* [Exercise instructions]
Copy down every line of the data that follows exactly. Omit the pictures.

* [Collected data]
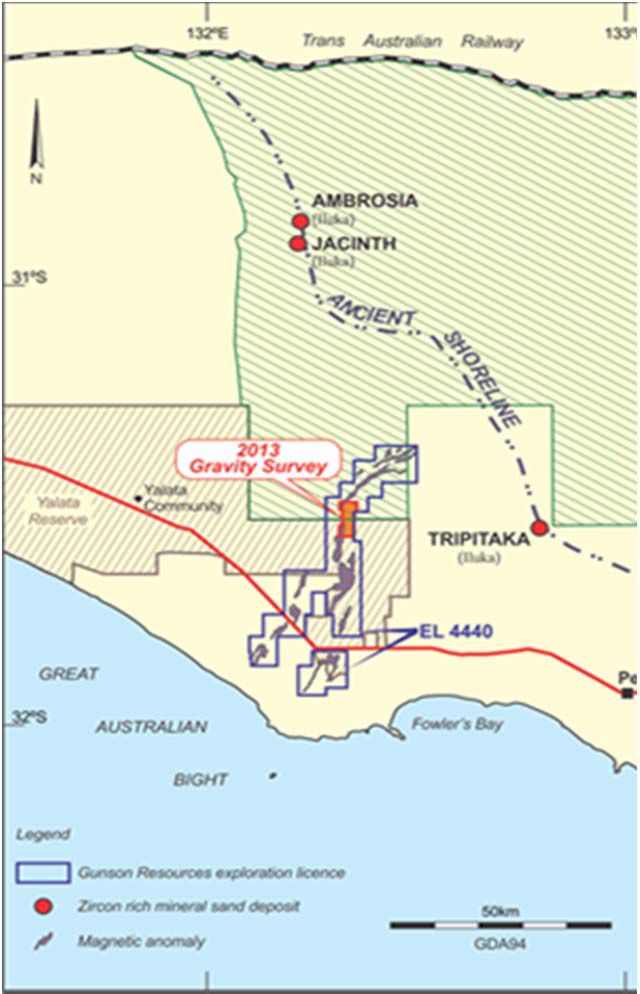 In late 2013, Strandline (formerly Gunson Resources Ltd) completed a gravity survey over a rectangular target area approximately 9km long by 3.5km wide. The results showed good correlation with a north-south trending magnetic zone defined by an earlier aeromagnetic survey. The gravity data suggests that the magnetic zone is comprised of mafic and possibly ultramafic rocks that may contain base metal sulphides.
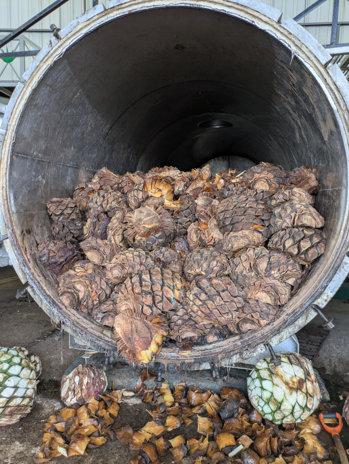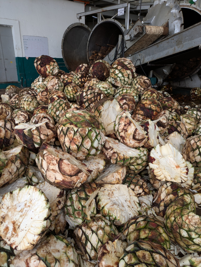Die kleine Flasche habe ich bei meinem Besuch der Brennerei mitgenommen – es ist immer wieder toll, solche Orte persönlich zu sehen, zu riechen, zu fühlen, auch wenn man bei Agaven vorsichtig sein muss, denn selbst in entblättertem Zustand haben sie winzige Haarnadeln, die Juckreiz verursachen können, wenn man sie zu bedenkenlos mit der Haut in Kontakt kommen lässt. Die Bilder sind in Verarbeitungsreihenfolge – erst kommt der LKW mit den geernteten Agavenherzen an der Brennerei an, dann werden sie im Hof weiter zerkleinert. Nachdem sie in den Autoklaven gekocht wurden, sieht man die braune Farbe und schmeckt den saftig-karamelligen Geschmack. In Betongruben findet bei El Tequileño die Fermentation statt, offen natürlich. Der letzte Schritt ist die Destillation in den kleinen Kupfer-Potstills.
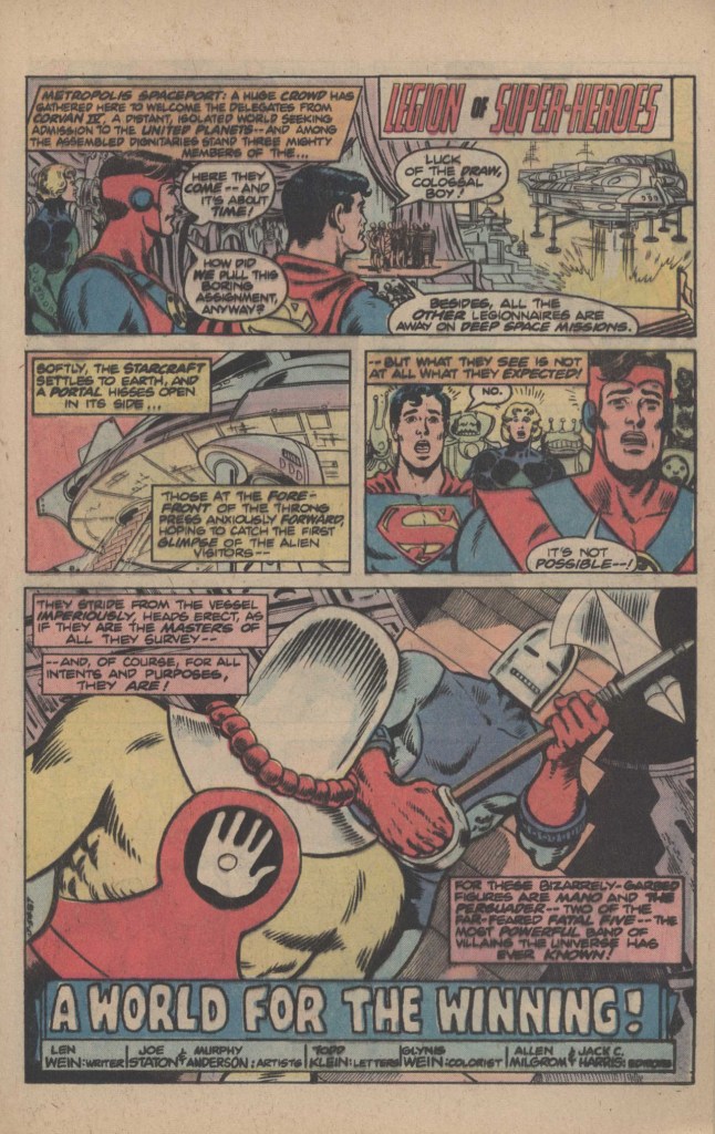 The back-up story was entirely written by Wein and illustrated by Staton with Murphy Anderson inking. It opens with the world of Corvan IV sending delegates to the United Planet to negotiate that world’s entrance into the United Planets. The Legion is on hand to provide security–but they are stunned when the delegates turn out to be Mano and the Persuader, two members of the notorious Fatal Five, resolute enemies of the Legionnaires and wanted intergalactic criminals. Wasting no time, the Legion team leaps to the attack, and are held off by the two villains. But at a pause in the battle, the Persuader offers the fallen Superboy a hand up, and the devious duo proclaim that they are here legitimately, to speak on behalf of Corvan IV.

* [The answer]
 In late 2013, Strandline (formerly Gunson Resources Ltd) completed a gravity survey over a rectangular target area approximately 9km long by 3.5km wide. The results showed good correlation with a north-south trending magnetic zone defined by an earlier aeromagnetic survey. The gravity data suggests that the magnetic zone is comprised of mafic and possibly ultramafic rocks that may contain base metal sulphides.
Die kleine Flasche habe ich bei meinem Besuch der Brennerei mitgenommen – es ist immer wieder toll, solche Orte persönlich zu sehen, zu riechen, zu fühlen, auch wenn man bei Agaven vorsichtig sein muss, denn selbst in entblättertem Zustand haben sie winzige Haarnadeln, die Juckreiz verursachen können, wenn man sie zu bedenkenlos mit der Haut in Kontakt kommen lässt. Die Bilder sind in Verarbeitungsreihenfolge – erst kommt der LKW mit den geernteten Agavenherzen an der Brennerei an, dann werden sie im Hof weiter zerkleinert. Nachdem sie in den Autoklaven gekocht wurden, sieht man die braune Farbe und schmeckt den saftig-karamelligen Geschmack. In Betongruben findet bei El Tequileño die Fermentation statt, offen natürlich. Der letzte Schritt ist die Destillation in den kleinen Kupfer-Potstills.
 The back-up story was entirely written by Wein and illustrated by Staton with Murphy Anderson inking. It opens with the world of Corvan IV sending delegates to the United Planet to negotiate that world’s entrance into the United Planets. The Legion is on hand to provide security–but they are stunned when the delegates turn out to be Mano and the Persuader, two members of the notorious Fatal Five, resolute enemies of the Legionnaires and wanted intergalactic criminals. Wasting no time, the Legion team leaps to the attack, and are held off by the two villains. But at a pause in the battle, the Persuader offers the fallen Superboy a hand up, and the devious duo proclaim that they are here legitimately, to speak on behalf of Corvan IV.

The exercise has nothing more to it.